■ INSTRUCTIONS FOR THE TASK ■
Of the lines in the material below, print only those from the one containing "Denzel brings a" to the one containing "Weighing just 140gsm, this", ends included, exactly as written and without pictures.

RECORDS PROVIDED: Begin

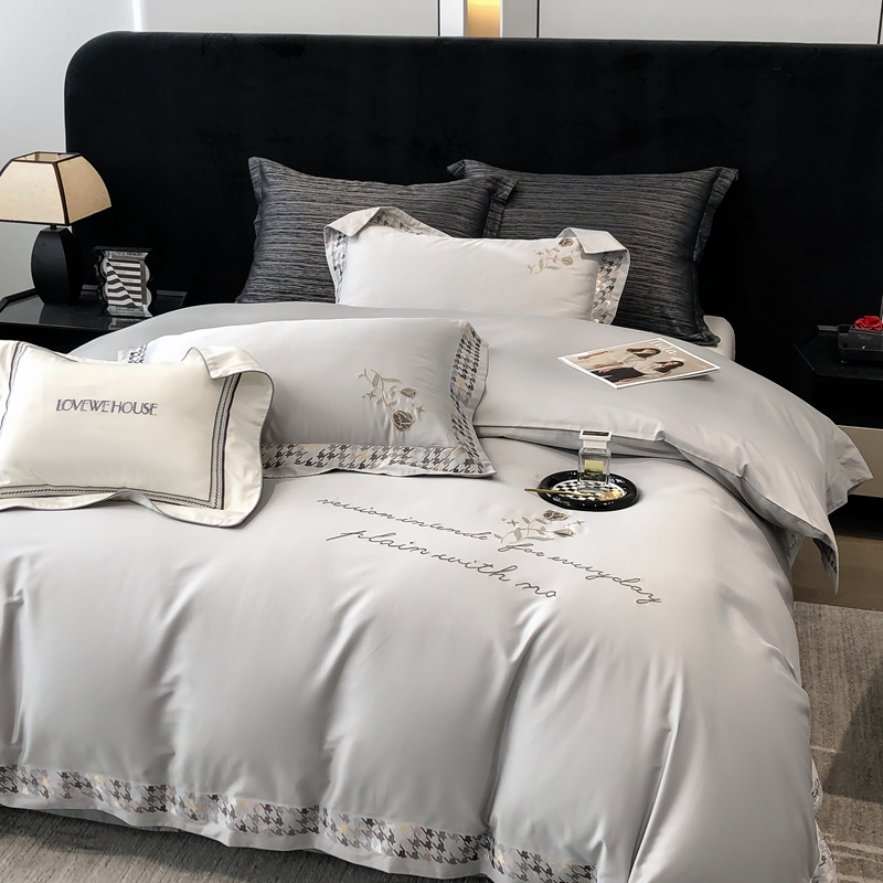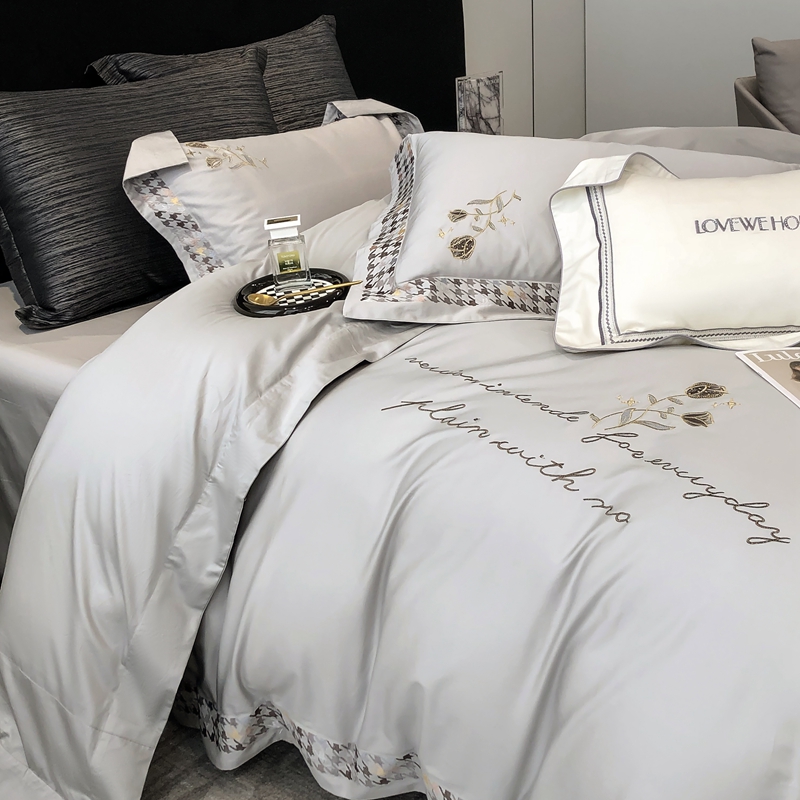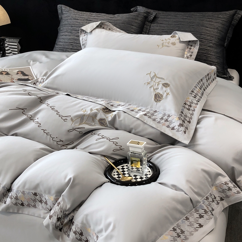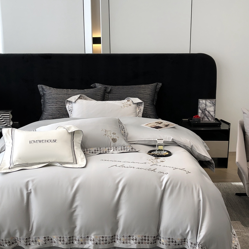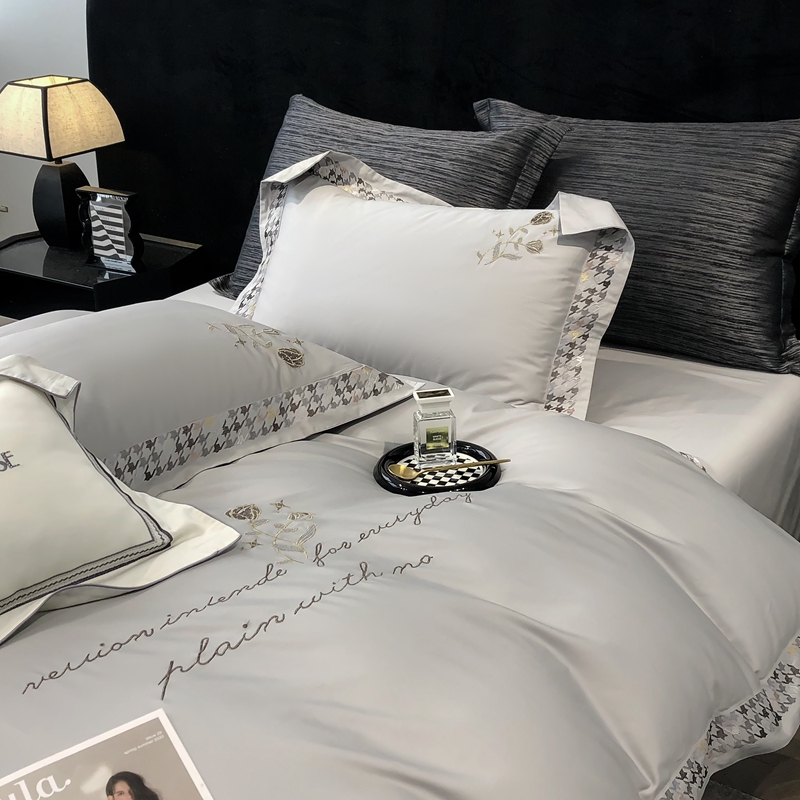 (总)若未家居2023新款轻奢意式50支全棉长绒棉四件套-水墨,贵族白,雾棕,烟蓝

RECORDS PROVIDED: End
RECORDS PROVIDED: Begin

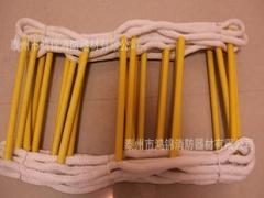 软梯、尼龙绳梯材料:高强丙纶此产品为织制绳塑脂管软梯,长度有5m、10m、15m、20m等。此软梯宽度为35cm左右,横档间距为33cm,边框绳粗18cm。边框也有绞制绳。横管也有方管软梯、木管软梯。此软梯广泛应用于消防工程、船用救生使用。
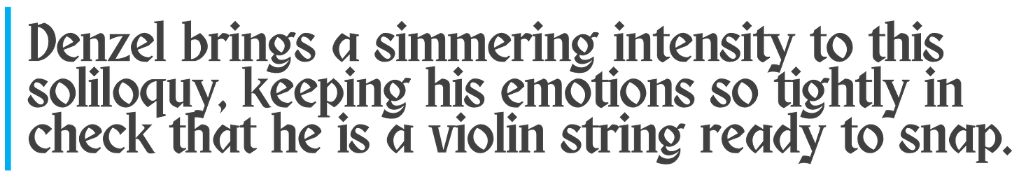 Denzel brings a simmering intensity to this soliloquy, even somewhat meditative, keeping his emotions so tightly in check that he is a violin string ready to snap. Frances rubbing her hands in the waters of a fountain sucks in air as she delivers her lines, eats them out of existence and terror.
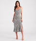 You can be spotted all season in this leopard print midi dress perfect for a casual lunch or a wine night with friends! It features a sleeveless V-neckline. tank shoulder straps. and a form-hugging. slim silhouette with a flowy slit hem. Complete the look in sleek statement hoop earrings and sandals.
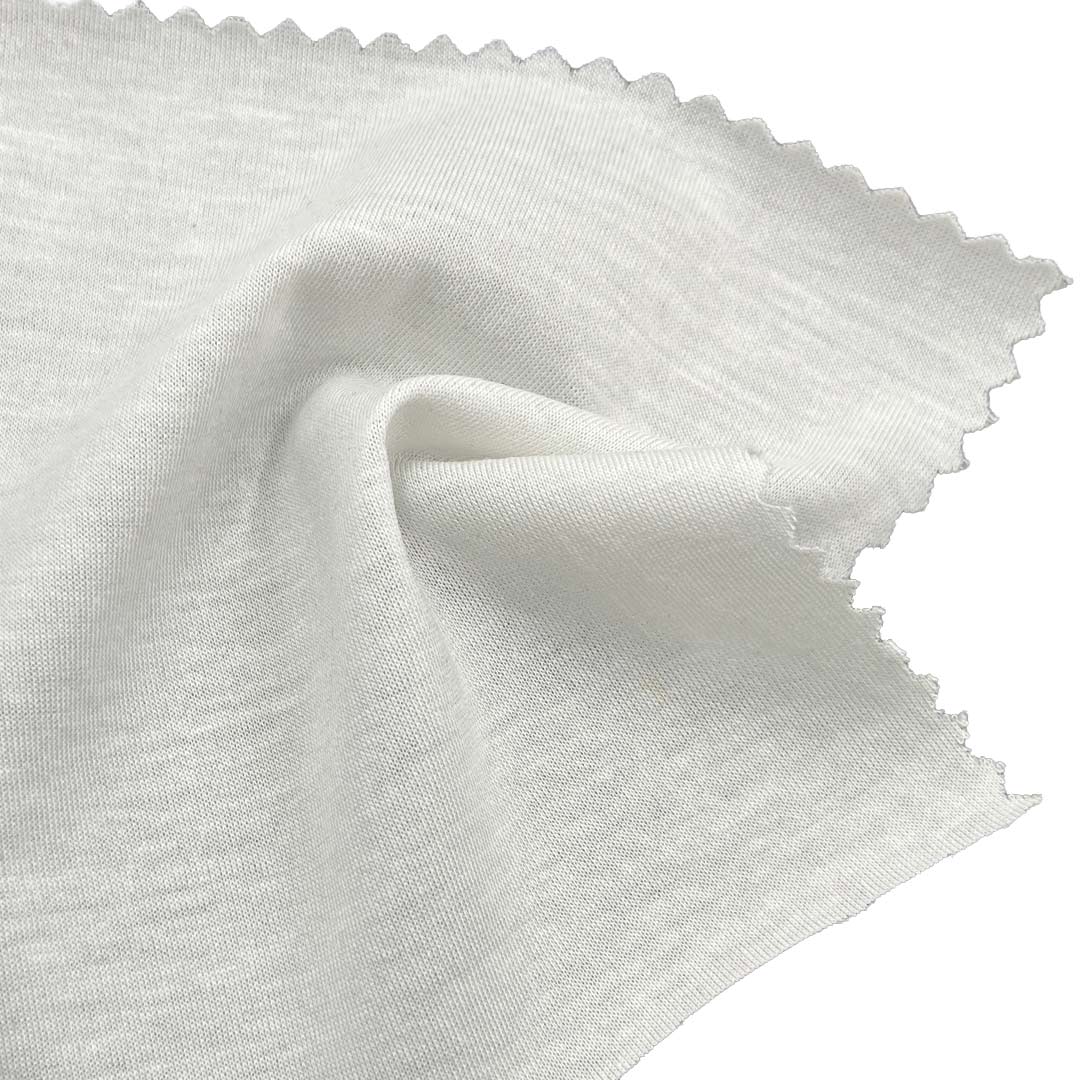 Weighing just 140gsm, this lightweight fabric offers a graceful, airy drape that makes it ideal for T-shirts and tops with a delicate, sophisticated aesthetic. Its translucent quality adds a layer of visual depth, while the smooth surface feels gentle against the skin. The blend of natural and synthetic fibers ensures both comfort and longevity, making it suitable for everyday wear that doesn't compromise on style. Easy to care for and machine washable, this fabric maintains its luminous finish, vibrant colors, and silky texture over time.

RECORDS PROVIDED: End
RECORDS PROVIDED: Begin

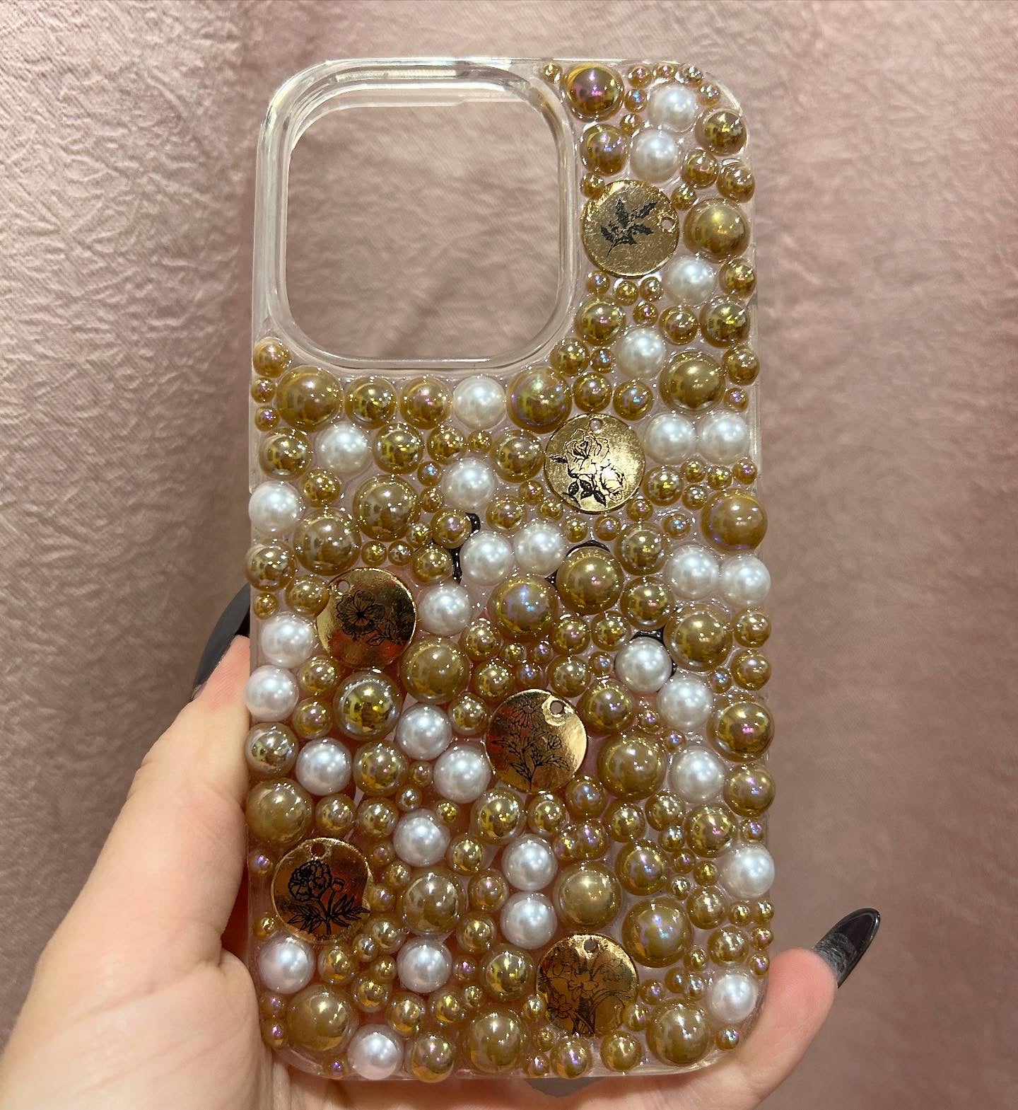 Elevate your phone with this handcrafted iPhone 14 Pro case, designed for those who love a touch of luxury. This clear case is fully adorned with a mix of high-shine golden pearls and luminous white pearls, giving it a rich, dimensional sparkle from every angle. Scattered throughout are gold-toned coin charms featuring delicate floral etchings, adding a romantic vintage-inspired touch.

RECORDS PROVIDED: End

■ RESPONSE TO THIS TASK ■
 Denzel brings a simmering intensity to this soliloquy, even somewhat meditative, keeping his emotions so tightly in check that he is a violin string ready to snap. Frances rubbing her hands in the waters of a fountain sucks in air as she delivers her lines, eats them out of existence and terror.
 You can be spotted all season in this leopard print midi dress perfect for a casual lunch or a wine night with friends! It features a sleeveless V-neckline. tank shoulder straps. and a form-hugging. slim silhouette with a flowy slit hem. Complete the look in sleek statement hoop earrings and sandals.
 Weighing just 140gsm, this lightweight fabric offers a graceful, airy drape that makes it ideal for T-shirts and tops with a delicate, sophisticated aesthetic. Its translucent quality adds a layer of visual depth, while the smooth surface feels gentle against the skin. The blend of natural and synthetic fibers ensures both comfort and longevity, making it suitable for everyday wear that doesn't compromise on style. Easy to care for and machine washable, this fabric maintains its luminous finish, vibrant colors, and silky texture over time.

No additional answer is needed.